A volunteer group known as the
Twin Cities Paranormal Society claims to have evidence that several buildings in the Twin Cities are indeed haunted.
"We go in and investigate and see what we can find that would be a normal explanation for what's going on," said group founder Michelle Bays. "And if not, whatever's left over we deem as paranormal."
One of the buildings where the group says it repeatedly detected paranormal activity is a Minneapolis art gallery known the
Soap Factory. It's a structure built in 1883, in the old milling district.
From 1937 to 1990, it contained scores of dead animals, used to make soap at the National Purity Soap and Chemical Factory. Before that, another manufacturing facility sat on the same site, turning out artificial limbs for soldiers wounded in the Civil War.

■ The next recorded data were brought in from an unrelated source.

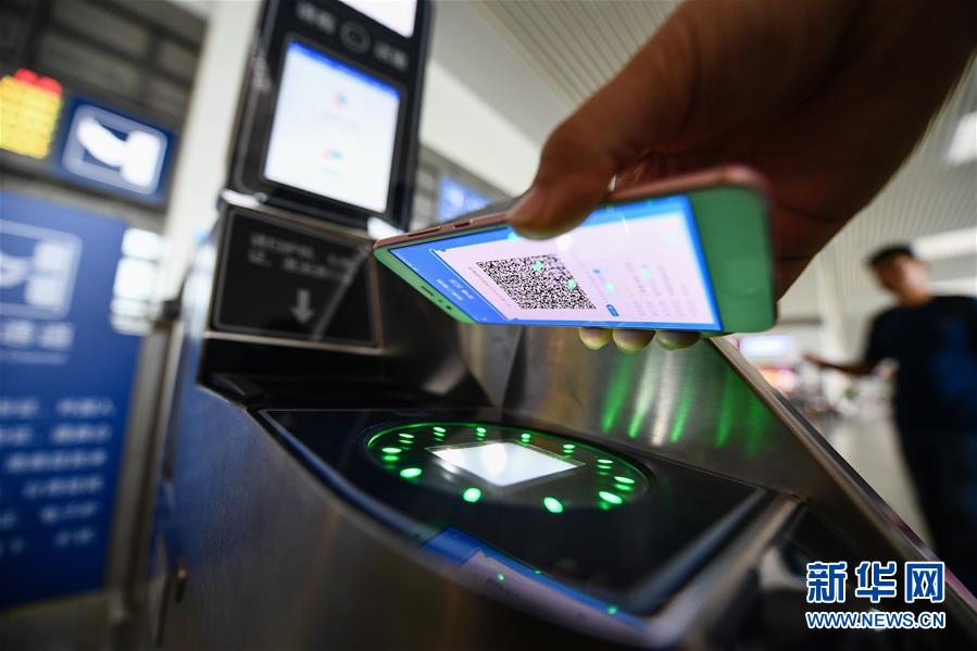 7月27日,铁路南京站候车大厅,一名旅客在刷二维码通过检票闸机进站。新华社记者 李响 摄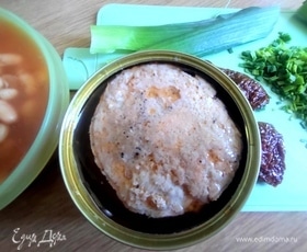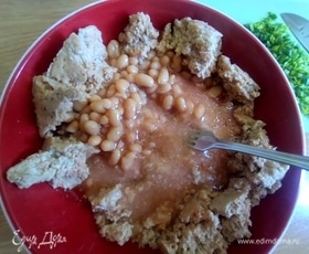 Слить из банок жидкость, соединить рыбу и фасоль. Рассол от фасоли можно добавить в суп.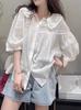 Verano Nuevo Estilo Japonés Color Sólido Cruzado Dulce Reductor de Edad Manga Cinco Puntos Camisa Cuello Muñeca Talla Grande para Mujer Encaje Suelto

Tam Prose of the Paranormal Society will never forget one of her first visits.
"Coming up the stairs from the basement, I thought I had another team member coming up behind me. I turned around and there was nobody there," said Prose. "And that happened to another one of our investigators shortly after that."
On Bay's first visit, she and a friend were checking out the artwork on the walls, when she says she heard what sounded like a human voice.
"And all of a sudden I hear this (breathing sound) like right in my ear, and I turned around expecting my friend to be right there, and he was still way over across the room," she said.
The Paranormal Society uses digital voice recorders, cameras, and other devices designed to measure room temperatures and electromagnetic fields.
"I would say we've got at least three or four different voices on the recordings that we've found so far (in the Soap Factory)," said Bays.
Will Ventling, another member of the Paranormal Society, played a recording of what sounds like a child's voice saying "I'm cold." He said the voice appeared as they were setting up their investigation in the building's basement.
Each October, the Soap Factory takes advantage of its haunted designation, hosting heart-pounding tours of its basement. The executive director, Ben Heywood, says he's never really seen any ghosts there.
"I don't find it that spooky because I spend a lot of time in this building," he said, "But for people who don't know this building well, it's a spooky old castle."
The Twin Cities Paranormal Society will take on about 20 or 25 investigations in the metro area each year. Prose handles most of the calls.
"More often than not, the first thing they say is, 'You're going to think I'm crazy.' If that's the case, then I'm probably crazy for doing what I'm doing," said Prose. "But I really feel that there is something out there beyond our world that we live in right now."
The Twin Cities Paranormal Society does not get paid for its investigations. It relies on donations and dues from its own members.